To get home from the Lake Chapala Writers Group I take the directo from Ajijic to Guadalajara, I always ask the driver to drop me off by Parque Gallo where I catch my number 622.  Recently as I boarded an old faded blue and white bus it felt as though we had been hit from behind; I lurched, lost my balance and was thrown to the floor. I landed on another gentleman and then three other people fell on top of me. Too late I scrambled to retrieve my glasses, but they got stepped on. I held the bent frames when someone pulled me to my feet and a woman, whom I suspect was in her thirties, insisted I take her hard, yellow plastic seat; the yellow seats are reserved for “old people” and expectant mothers. I accepted, not because I am old, but because my face was bleeding and I felt a little unsteady.

Another bump, this time I nearly slid from my seat, directly behind our driver. Then I heard a tearing sound I looked over and saw our side mirror snap as an empty Busman employee bus scrapped alongside us. Our driver turned to the driver of the other bus and they exchanged words that exceed my Spanish vocabulary. The light turned green and suddenly both buses sped forward through the intersection. I and my fellow passengers were trapped in a bus racing down Calle Olimpia, we seemed to be competing with the other bus for some sort of medal. Our packed bus pushed forward against an empty Busman bus our group swayed helplessly and it surprised me that not one person begged to be let out, cursed or otherwise made a peep. Suddenly we came to an abrupt stop and again I nearly slid from my uncomfortable seat.  Both buses had stopped for the red light at Olimpia and Revolucion, no one breathed as the empty bus seemed to press against ours. We were hood to hood waiting for the green light, our driver yelled at the other driver who seemed more focused on the light than the words our driver hurled through his opened window.
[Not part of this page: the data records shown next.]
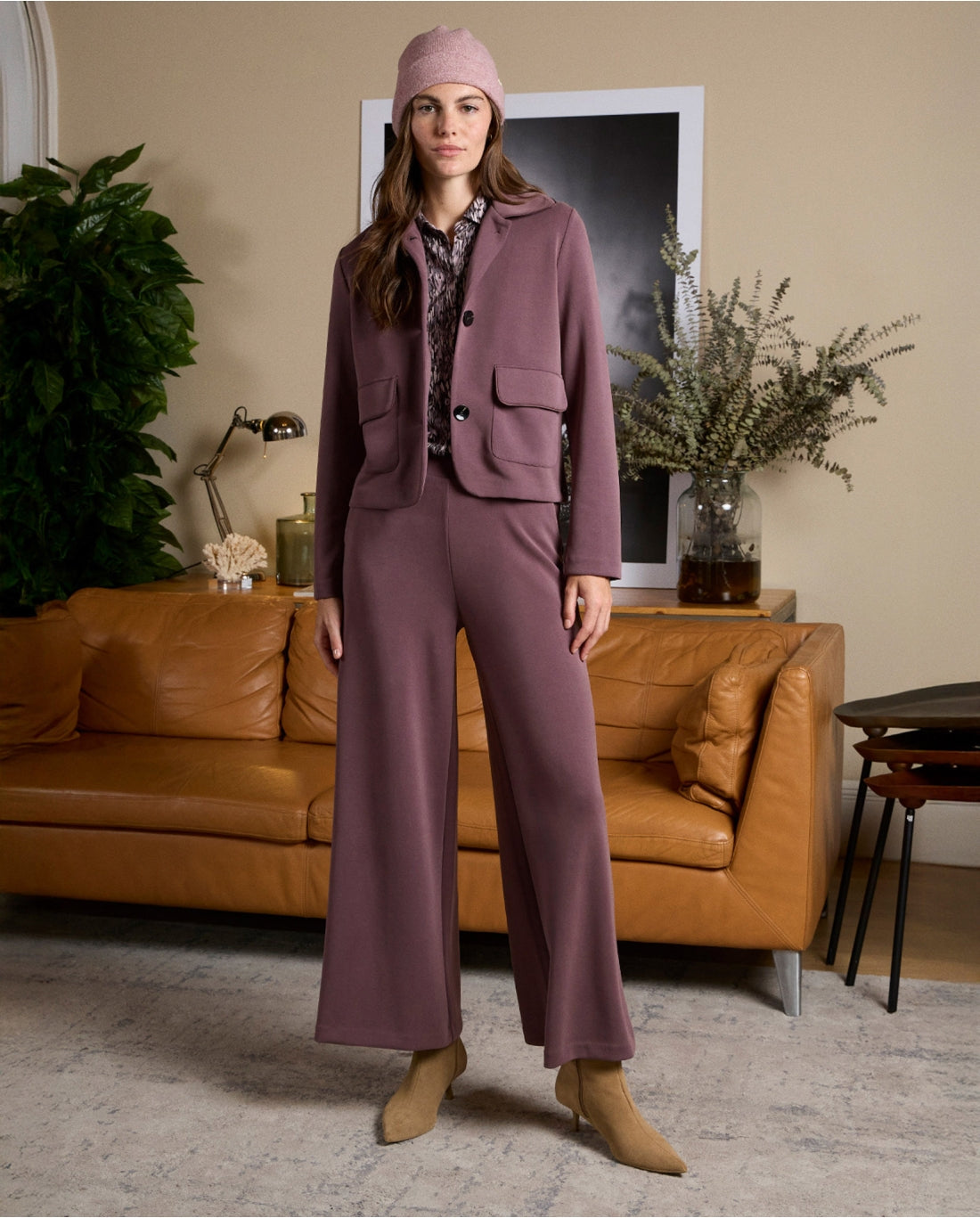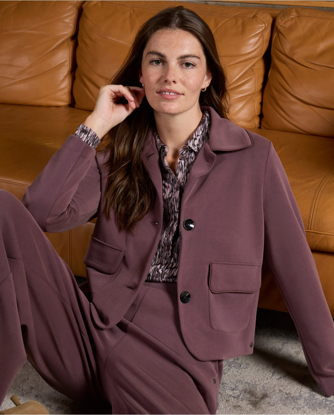 Giacca corta realizzata in modal spesso, tessuto extra elastico e morbido, con colletto classico e tasche frontali. Questo capo unisce struttura e comfort in un capo versatile che si adatta con stile alla tua routine quotidiana.
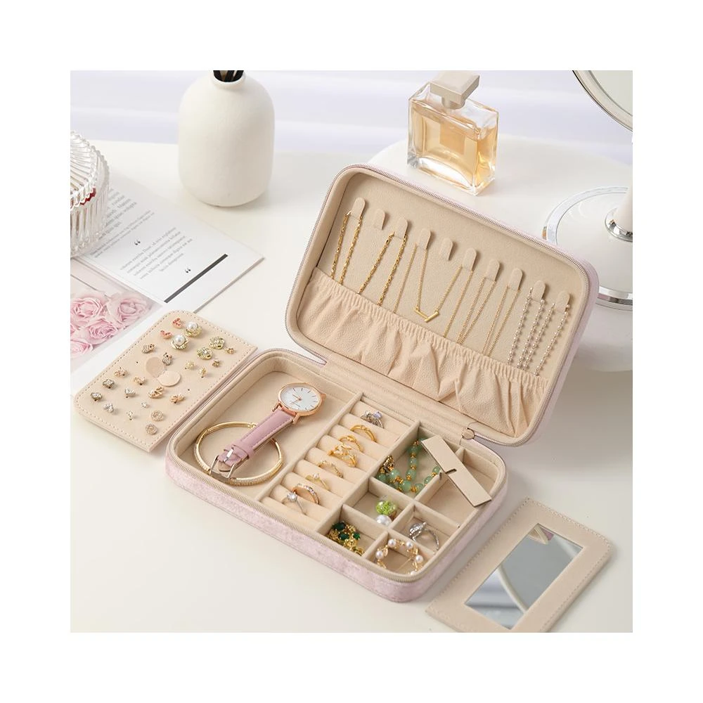 天鵝絨少女首飾收納盒多功能戒指項鏈耳釘手錶首飾盒批發鏡子
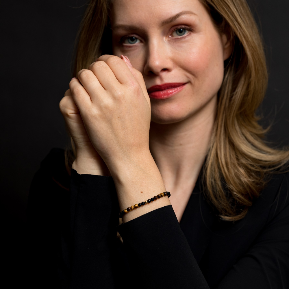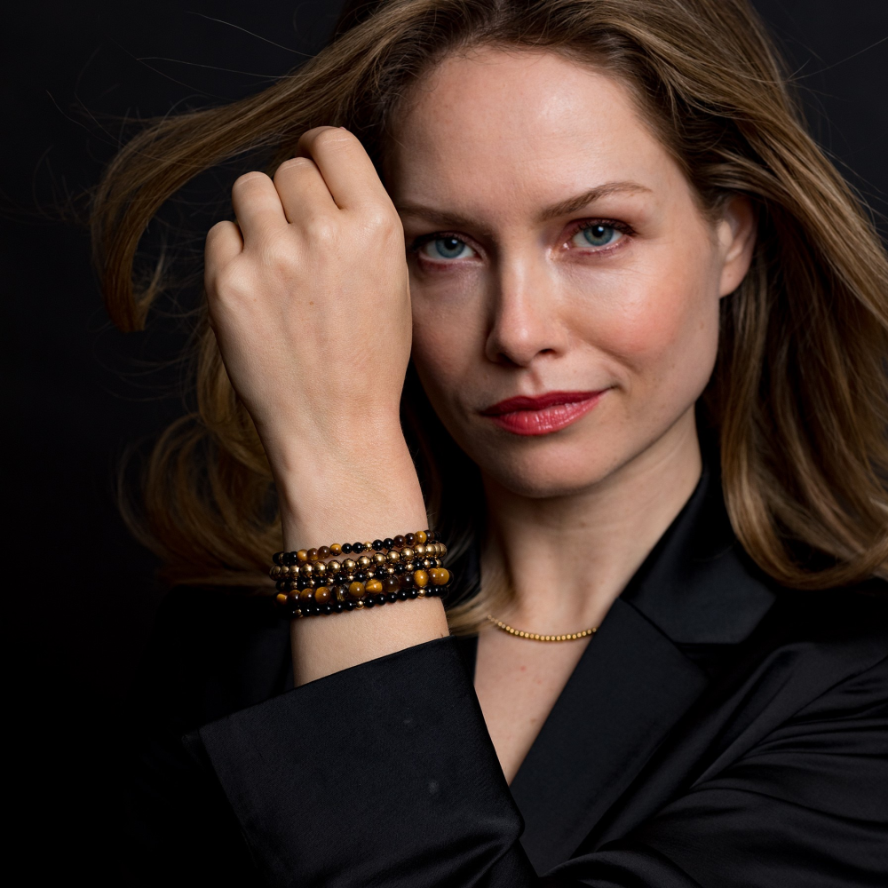 Armband van het merk Rebel & Rose. De armband heeft een hoogwaardige elastische stretch koord, met 4mm van Tijgeroog, Onyx, RVS ion-gold plated.
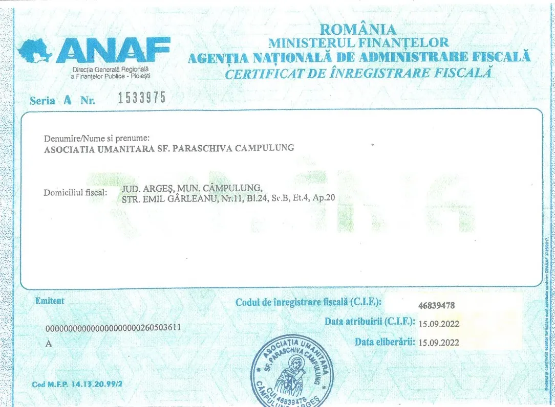 Asociatia Umanitara Sfanta Paraschiva Campulung isi desfasoara activitatea de colectare de fonduri de la persoane fizice si juridice pentru copii cu dizabilitati si familii defavorizate, fără venituri. Asociatia este compusa din trei mebri: presedinte, vicepresedinte si secretar; infiintata in data 15.09.2022, avand codul de inregistrare fiscala (C.I.F.) 46839478, Seria A, Nr. 1533975.
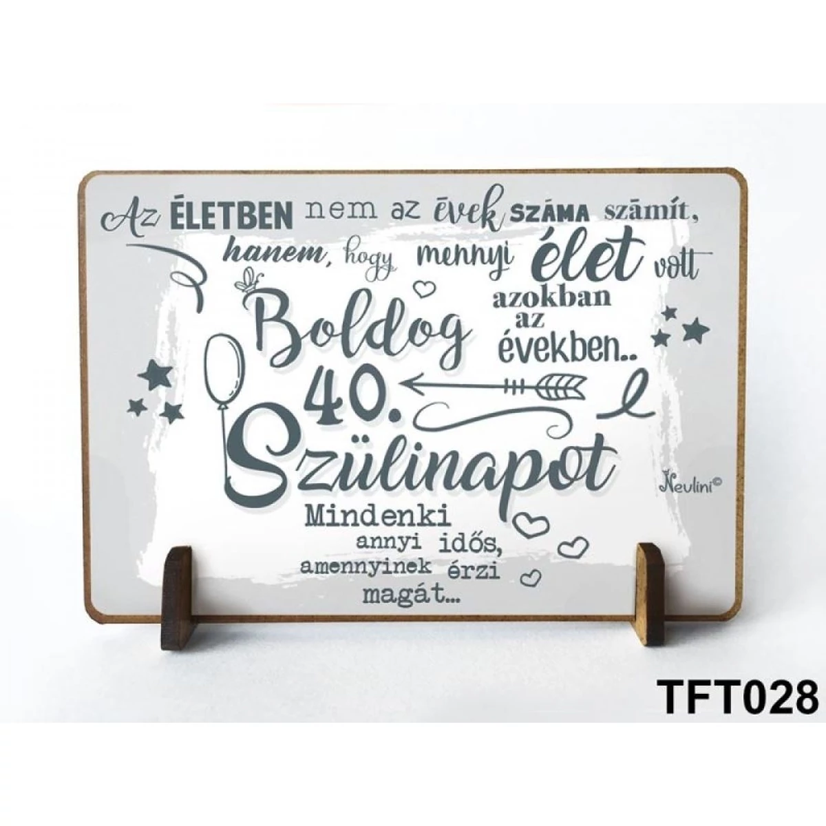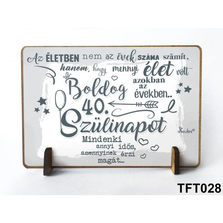40. születésnapi ajándék férfiaknak és nőknek. Mérete 11cm széles és 7,5cm magas. Anyaga, fa.

The light changed and I braced for the regular left turn; the aggressive Busman driver cut in front of our bus and headed up Revolucion against traffic, a quarter block and he swung left onto a narrow one way residential street, we were following close behind. By now our driver was on his cell phone and racing down the street narrowly missing parked cars. With one hand he steered and manually shifted his bus full of silent passengers as he yelled license plate numbers and other information into the phone clutched in his right hand.  Our crowded bus chased the empty bus down the normally quiet street I prayed that no child would dash out to retrieve a ball. Both buses sped through the darkening street, normally my bus would have made several stops by now, but we were not on our “normal” route. Without warning or slowing our driver swung his bus to the left and drove a couple blocks to our regular street. When he stopped, at a designated stop, everyone including myself, quickly and silently exited. Like a lemming I followed my fellow passengers to another old blue number 622 and dutifully handed my damp and crumpled bus ticket to the new driver.